Следовательно, господа Роберте, Янг и Малден почти наверняка добились незаслуженного кредита доверия, несмотря на то что о таких материях, как здоровье, преступность, дорожные чеки и даже аспирин, они скорее всего знали не больше рядового телезрителя. И случилось это по простой причине: их идентифицировали с сыгранными ими конкретными ролями. Вот вам яркий пример периферийного пути в процессе убеждения.
Более того, подобные далеко не центральные качества коммуникатора часто не просто подчеркиваются в рекламных роликах - они оказываются единственными, которые показывают телезрителям.
Кого можно назвать экспертом по таким товарам, как лезвия для бритья или соответствующие кремы? Ну, возможно, парикмахера или дерматолога, косметолога. А кто убеждает нас с телеэкрана, какие именно лезвия или пену нам следует употреблять? Чаще всего это делает профессиональный футболист.
Так, на всем протяжении 50-х и 60-х гг. одним из наиболее несменяемых <продавцов> хлопьев на завтрак оставался бывший олимпийский чемпион по десятиборью Боб Ричарде. Его эффективность в продвижении хлопьев компании <Уитиз> на рынок была, вероятно, намного больше эффективности иных профессоров-диетологов, какую бы высокую профессиональную квалификацию они ни имели. А в 70-х гг. Ричардса заменили на другого чемпиона (и тоже в десятиборье!) -.БрюсаДженнера. Насколько они оказались эффективны - эти атлеты? На этот вопрос трудно ответить со всей уверенностью, однако, как только в 80-х гг. контракт с Дженнером закончился, руководители компании <Уитиз> снова решили сделать ставку на спортсмена, а не на специалиста-диетолога: на сей раз они наняли Мэри Лу Реттон - олимпийскую чемпионку по гимнастике. А когда в 1987 г. баскетболисты из <Миннесоты твинс> выиграли главный приз Национальной баскетбольной ассоциации, компания <Уитиз> выпустила специальную упаковку с фотографией всей команды-победительницы. После этого уже никого не удивило, что в 90-х гг. компания поместила на свои упаковки фото неподражаемо-98
го Майкла Джордана, а он с экрана телевизора произнес для миллионов телеболельщиков знаменитую фразу: <Лучше бы вы ели хлопья <Уитиз>!> Совершенно очевидно, что, кто бы ни заведовал в компании отделом массовых продаж, предпочтение всегда отдавалось спортсменам в качестве коммуникаторов.

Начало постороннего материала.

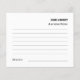 Perfect. Unlike many others I looked at, this one has lines to write on the front and back of card to share a memory... and card just a little larger than some others. Very prompt turnaround. Exactly what I wanted.
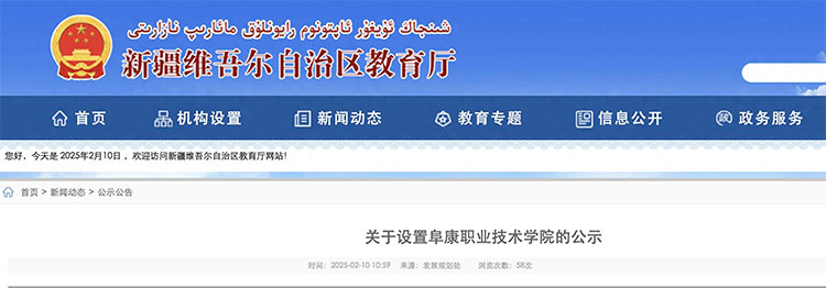 2月10日,新疆維吾爾自治區(qū)教育廳發(fā)布“關于設置阜康職業(yè)技術學院的公示”。
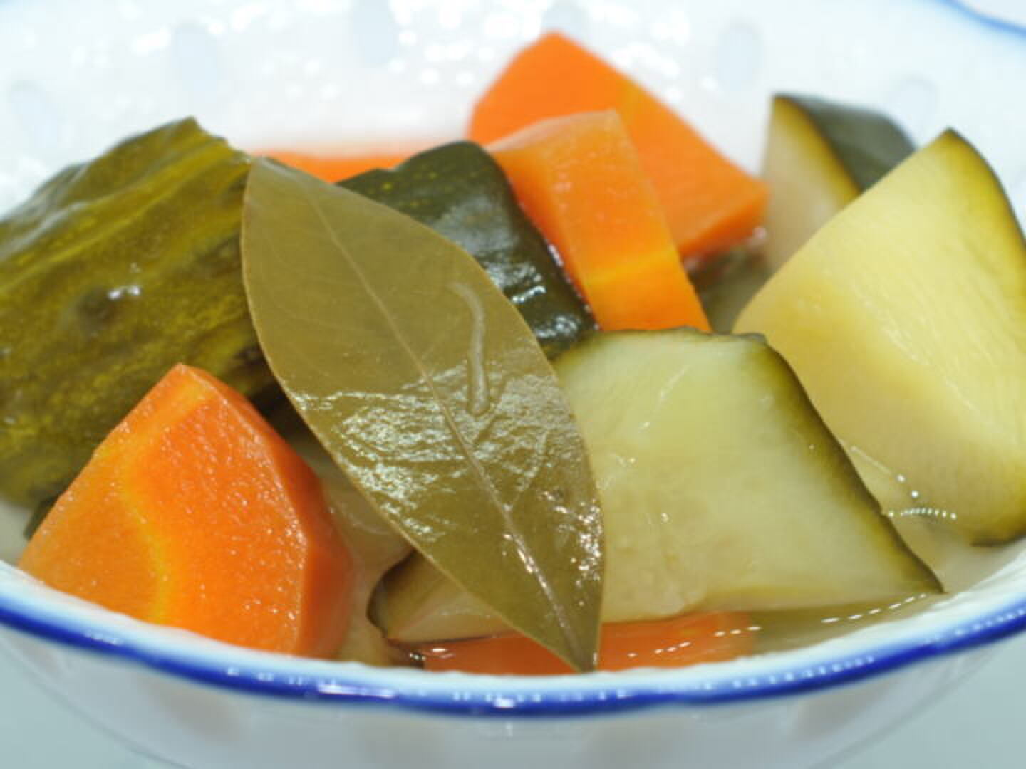 原材料 きゅうり 大根 にんじん、漬け原材料(穀物酢(小麦を含む)、砂糖、塩、ローリエ、タイム)
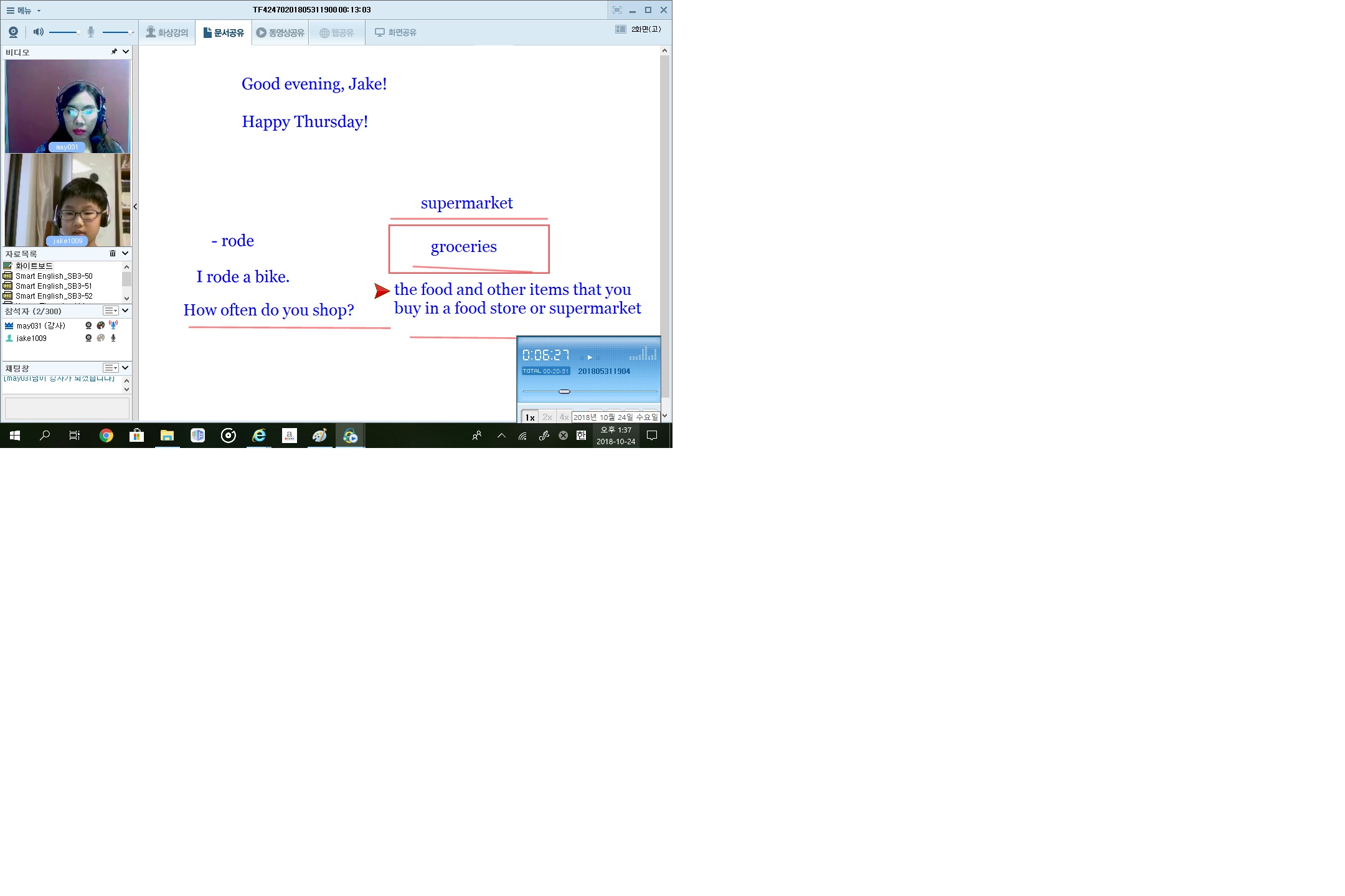 토크편을 시작한지 1년 반 개월 정도 지났네요. 아이는 영어를 놀이 하듯이 넘넘 재밌게 공부하네요.*^^* 1대 1...

Та же ситуация наблюдается в производстве спортивной обуви: ее производители для увеличения продаж своей продукции активно привлекают таких знаменитостей, как Майкл Джордан, Джо Монтана и, конечно, Во Джексон с его рекламной кампанией <Бо знает!>. На первый взгляд подобная практика представляется не лишенной рациональных оснований: ведь эти парни в своих кроссовках зарабатывают столько, сколько нам в наших ботинках и туфлях на каблуках вряд ли когда-то удастся заработать. Возможно, спортсмены даже могли бы кое-что поведать об особенностях разных видов спортивной обуви. Но в этом ли все дело? Может быть, спортивные успехи становятся просто очередным периферийным фактором, увеличивающим кредит доверия коммуникатора?
Один из рекламных роликов может пролить свет на данный вопрос. Сначала нам представляют мужчину, играющего в баскетбол, теннис и прочие спортивные игры. Мы видим только часть его фигуры - от пояса и выше. После этого крупным планом дается его лицо на фоне логотипа одной из марок кроссовок, а затем камера опускается ниже, и мы видим, что мужчина сидит в инвалидном кресле-каталке и у него нет обеих ног. Если бы производители рекламы искренне верили, что телезрители смотрят на спортсменов как на экспертов в области спортивной обуви, то реклама, подобная вышеописанной, никогда бы не вышла на экран. Ведь очевидно, что, независимо от того, насколько хорош данный инвалид в амплуа спортсмена, у нас нет никаких оснований полагаться на его знания в области спортивной обуви. Отсюда ясно, что производители рекламы убеждены в эффективности спортсменов, выступающих в роли коммуникаторов, независимо от того, насколько большими специалистами они являются по конкретным рекламируемым ими товарам.
Оправдана ли подобная убежденность? Окажет ли реклама влияние только потому, что в ней задействована какая-то спортивная знаменитость? Даже если мы в восторге от ее достижений на спортивных аренах, можем ли мы доверять спортсмену, когда он убеждает нас в достоинствах того или иного рекламируемого товара? В конце концов, ведь мы же точно знаем, что спортивной звезде, агитирующей нас покупать крем для бритья, пиво или хлопья, прекрасно платят за ее услуги.
Мне кажется, большинство поспешит ответить: <Нет. Пусть другие поддаются убеждению и торопятся купить что-то только потому, что за это ратует их спортивный кумир. Уж я-то совершенно определенно не стану доверять чужому совету, куда потратить мои кровные денежки, пусть даже этот совет исходит от моего любимого игрока>.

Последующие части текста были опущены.